Exercise description →
Your copy of the data should match it exactly, leaving out only the pictures.

Input data →
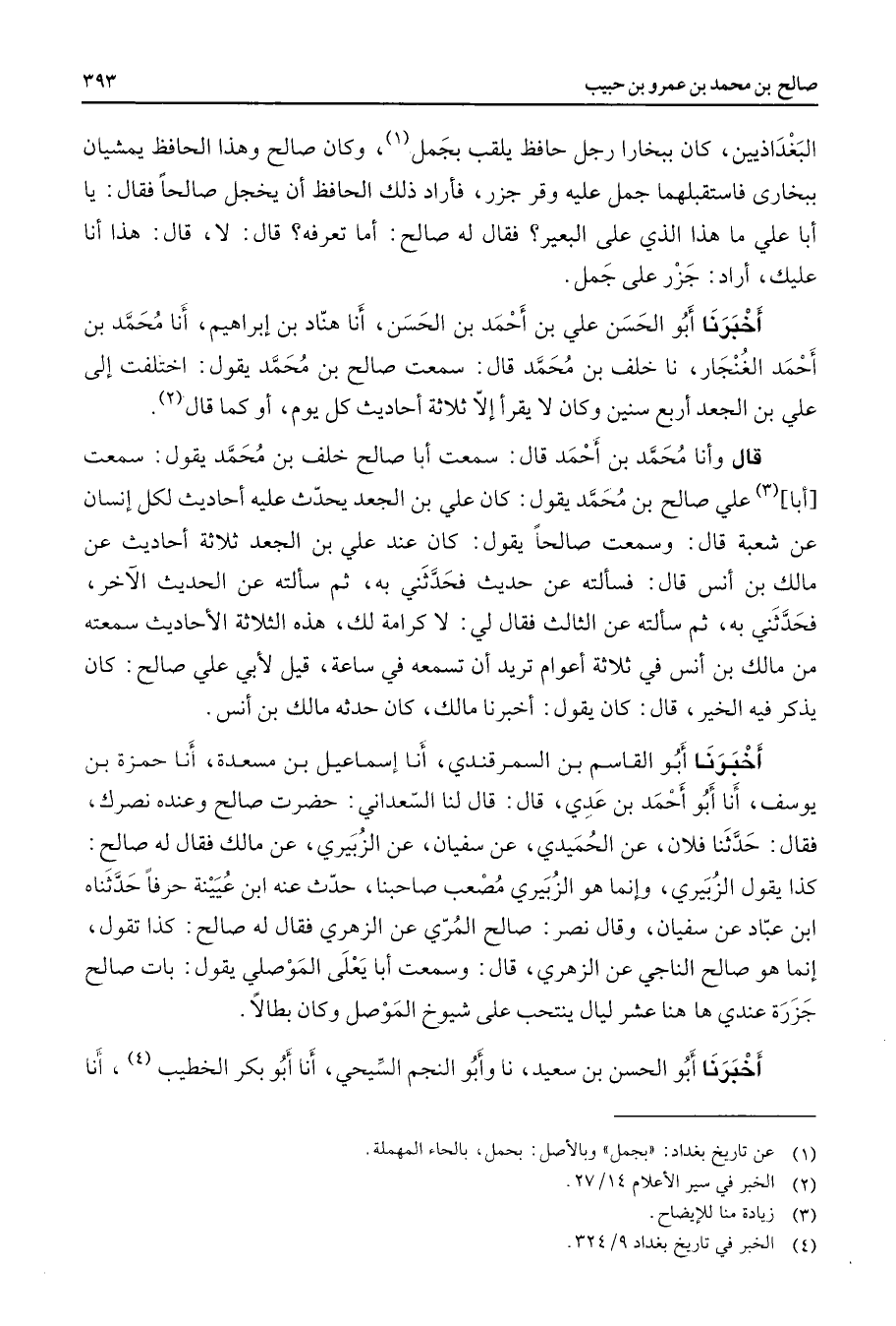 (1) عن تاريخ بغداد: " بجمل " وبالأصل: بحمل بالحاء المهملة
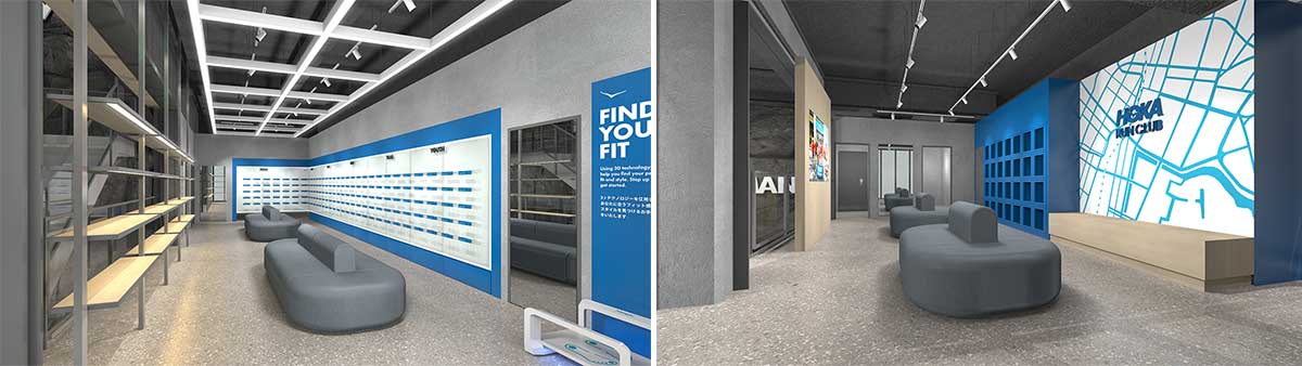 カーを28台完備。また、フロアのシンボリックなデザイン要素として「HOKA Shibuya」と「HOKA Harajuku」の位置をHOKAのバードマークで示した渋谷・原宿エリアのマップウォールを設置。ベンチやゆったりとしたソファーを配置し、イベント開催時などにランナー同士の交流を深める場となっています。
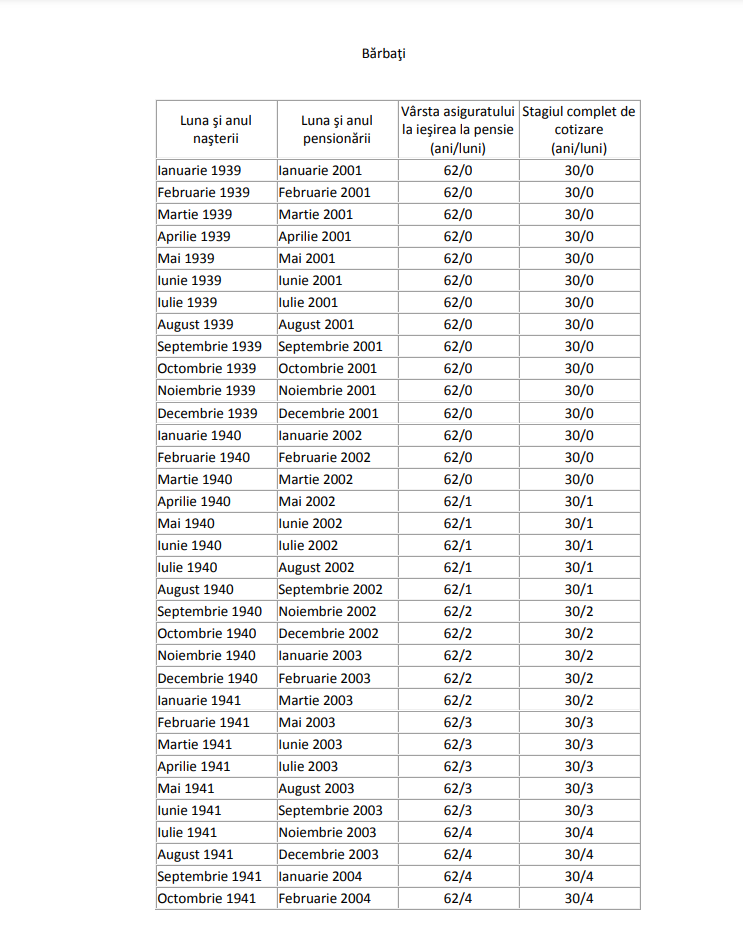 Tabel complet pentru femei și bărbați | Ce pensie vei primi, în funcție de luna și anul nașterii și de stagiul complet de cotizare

Written answer →
 (1) عن تاريخ بغداد: " بجمل " وبالأصل: بحمل بالحاء المهملة
 カーを28台完備。また、フロアのシンボリックなデザイン要素として「HOKA Shibuya」と「HOKA Harajuku」の位置をHOKAのバードマークで示した渋谷・原宿エリアのマップウォールを設置。ベンチやゆったりとしたソファーを配置し、イベント開催時などにランナー同士の交流を深める場となっています。
 Tabel complet pentru femei și bărbați | Ce pensie vei primi, în funcție de luna și anul nașterii și de stagiul complet de cotizare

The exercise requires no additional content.